If you're unfamiliar, and given that it only sold in the US for one year and a few hundred cars, you probably are, it's a small 2-seat convertible, it's *FWD*, and it uses a small 1.6 liter Isuzu engine also seen in the Isuzu Impulse and Geo Storm. I attached a photo.

I don't drive the car much, it's definitely a prized "toy" that I keep in a CarCapsule bubble in my garage and never use it in any inclement weather. So I'm not super concerned about getting hundreds of miles of range, as there isn't a whole lot of room for battery packs. Although, the trunk is quite generous and I'm happy to use that space up.

The car has a 165-hp motor right now, and it's not winning any races. It's not slow, 0-60 is about 7 seconds, but it'd be better with 200hp. I don't want to go crazy, it being FWD it would be susceptible to torque steer and understeer, so a mild improvement would suit me just fine.

My concerns - the car has power everything, like steering and brakes.
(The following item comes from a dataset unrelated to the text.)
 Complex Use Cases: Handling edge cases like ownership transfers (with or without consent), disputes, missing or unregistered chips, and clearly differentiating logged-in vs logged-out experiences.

I don't use the radio, but do use the power windows. It also has electric motors that operate the headlights going up and down. And I absolutely need a functioning A/C and heat system as without them, the car is not fun in the cold or the hot weather. I admit it, I like my creature comforts.
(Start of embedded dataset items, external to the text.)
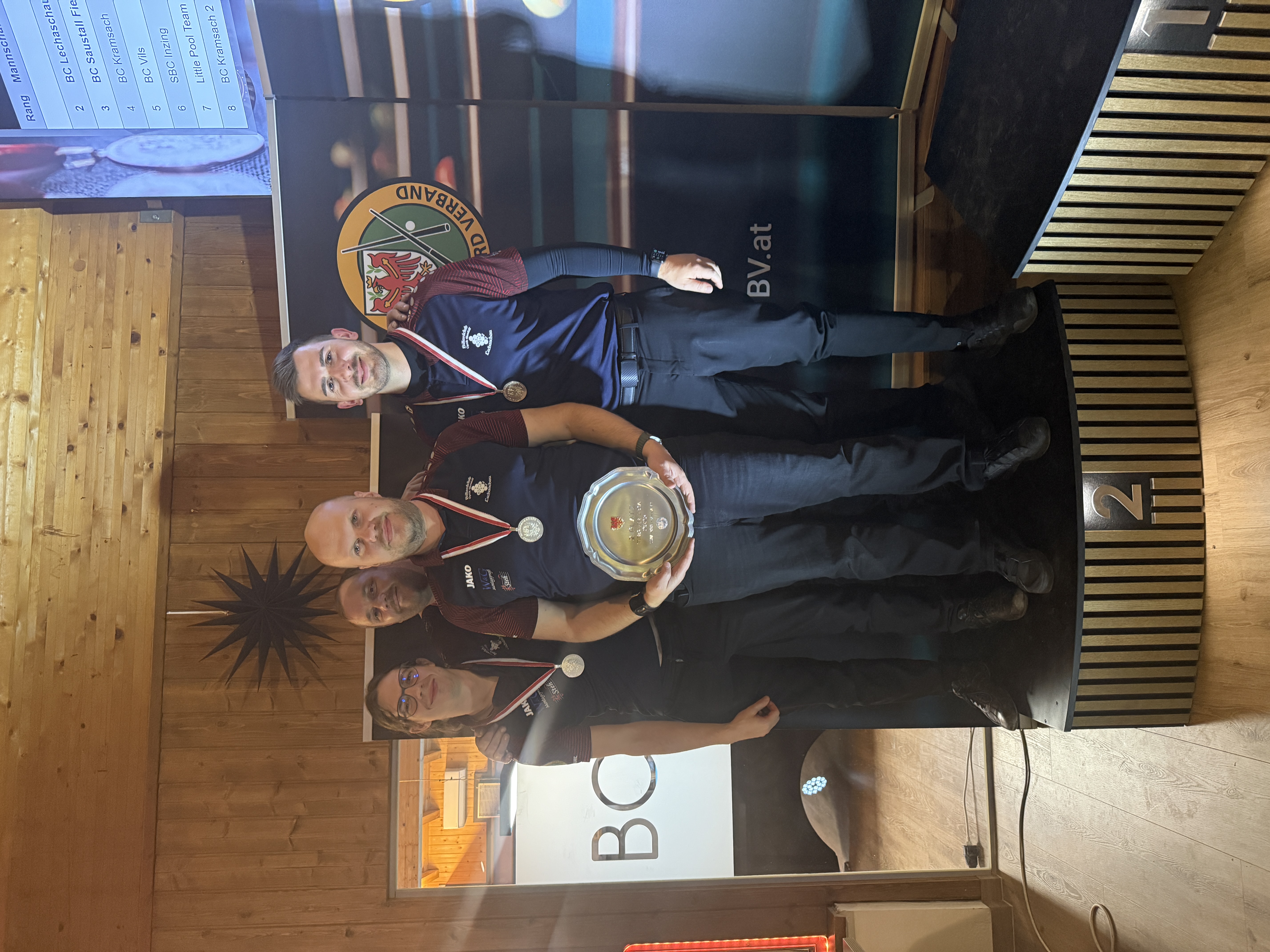 | Nach dem ersten Meistertitel in der höchsten Tiroler Liga im letzten Jahr, legte die erste Mannschaft des Billardclub Optik Gundolf Lechaschau ein starkes Saisonfinish hin und schrammte knapp am zweiten Meistertitel vorbei. Auch die beiden anderen Lechaschauer Mannschaften konnten mit einem dritten und vierten Platz starke Saisons absolvieren. | ![]() |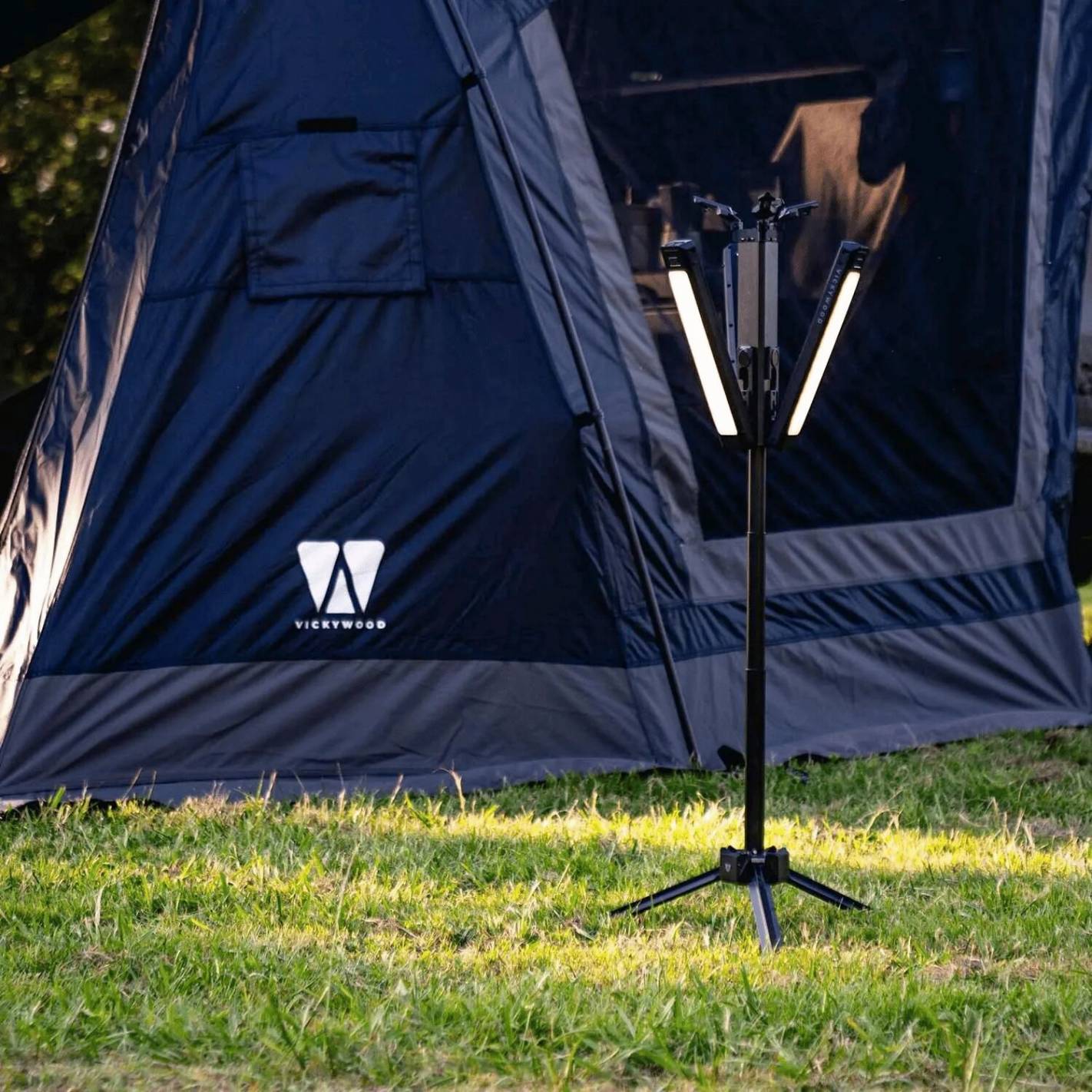 La lámpara Tripod VickyWood ofrece una iluminación de 360° con tres modos (caliente, frío, SOS) y una altura ajustable de hasta 130 cm para adaptarse a todas tus aventuras. Robusta, recargable y transformable en powerbank de 5000 mAh, combina versatilidad, seguridad y autonomía, incluso en plena naturaleza.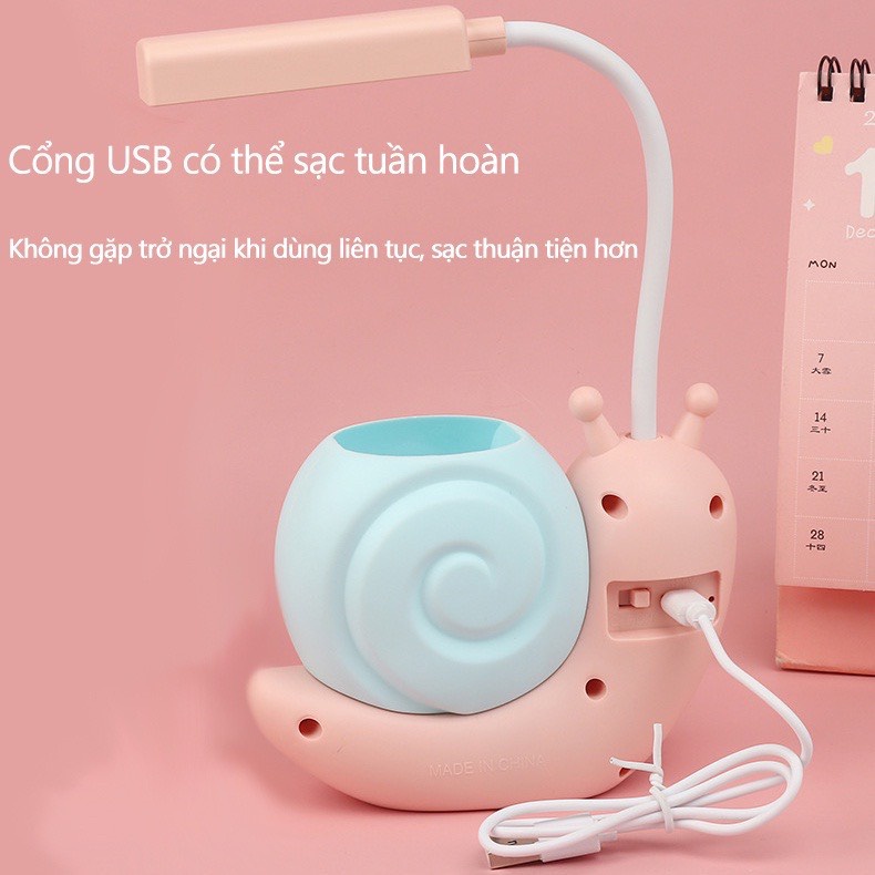 Đèn Học Để Bàn Nhỏ Gọn Chông Mỏi Mắt Đèn Bàn Chống Cận Hình Ốc Sên Siêu Đáng Yêu - Đèn bạn học tích điện hình chú sên đáng yêu giúp cải thiện đủ độ sáng cho con em, đồng thời là vật decor cho không gian làm việc và học tập - Với họa tiết hình ốc sên vô cùng xinh xắn

So - what would the project entail? I rip the motor out, and I assume leave the transmission (5-speed manual) in place. I choose a motor, and find a shop to create a custom adapter from the motor to the transmission? 
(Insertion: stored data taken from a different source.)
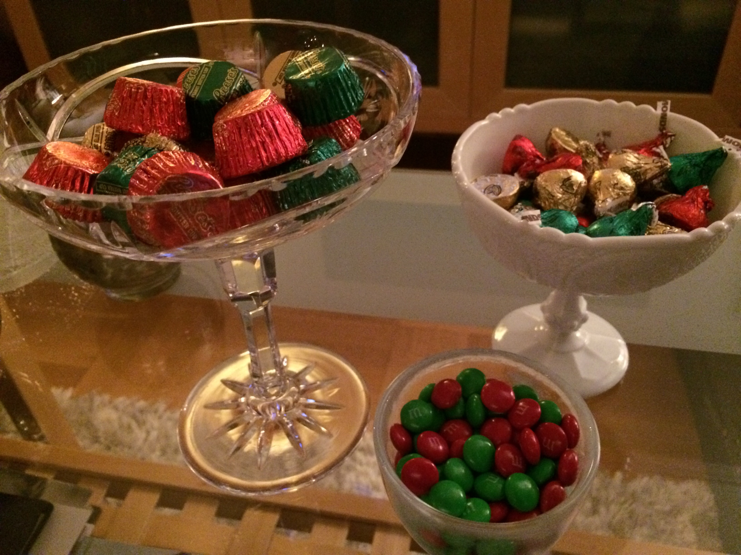 Varför vi har laddat med amerikanskt godis i julfärger här hemma hos föräldrarna? För att sådant såldes ut för halva priset i New York? Inte bara. Det är nämligen dagen före julafton! Julen som sattes på paus när brorsan med familj fick magsjuka körs nu igång igen!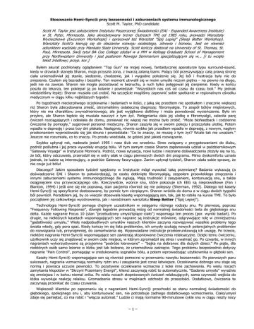 stałe normalne wzorce snu bez Hemi-Sync®, upłynęło dziewięć miesięcy. Większość klientów jednak uzyskuje tę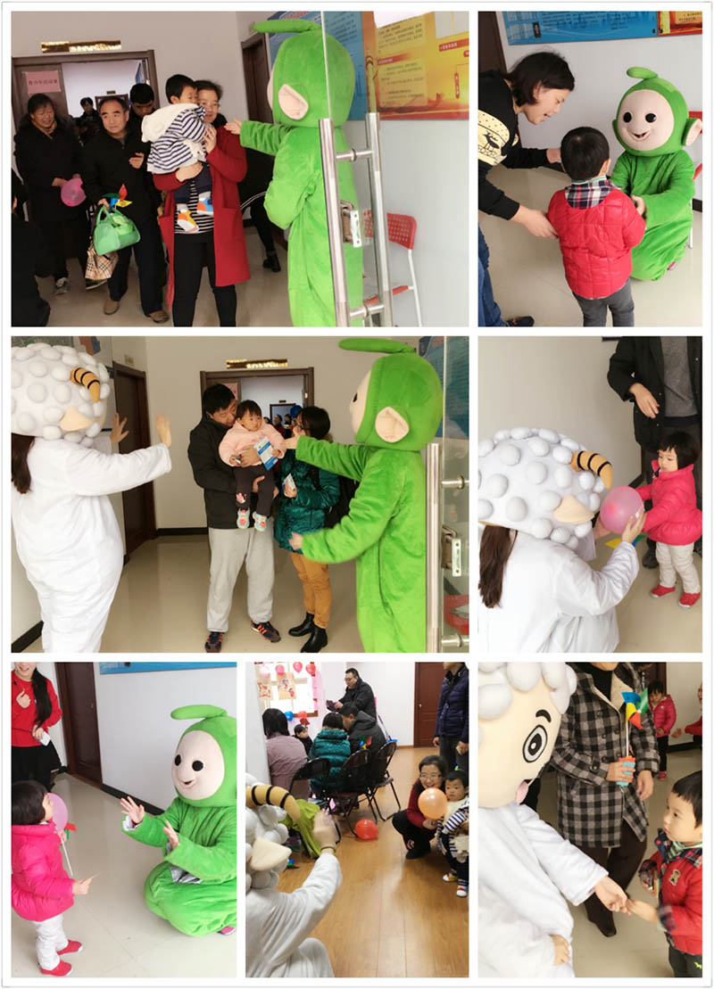 咦 瞧?什么在等著我們?老遠(yuǎn)處就看見(jiàn)了喜洋洋和天線寶寶在門口的等候。老師們帶著大家一起跳開(kāi)場(chǎng)舞《大家一起喜洋洋》。熱鬧的音樂(lè),帶著大家進(jìn)入過(guò)年的氣氛。

What's needed to run the power steering and brakes? And A/C and heat? 

Whew. I'm new, so sorry for the super newbie questions. I appreciate your time as I ponder bringing my 24 year old baby into the 21st century!


----------



## Moltenmetal (Mar 20, 2014)

Believe it or not, A/C would be the hardest of your goals to achieve without spending a bunch more money than you might expect.

Power steering and brakes require small vacuum and hydraulic pumps run off separate small motors. Many examples here in the build threads if you do some digging.

The hp you think you want is tough. The torque you actually want, with sufficient power to hit a sufficiently fun top speed, is easy with a DC series wound motor and suitable controller. More modest torque is possible with an AC motor. AC motors capable of huge torques are expensive. The gearbox is worth keeping. The clutch is debatable- I kept mine and don't regret it but many have eliminated theirs and are very happy.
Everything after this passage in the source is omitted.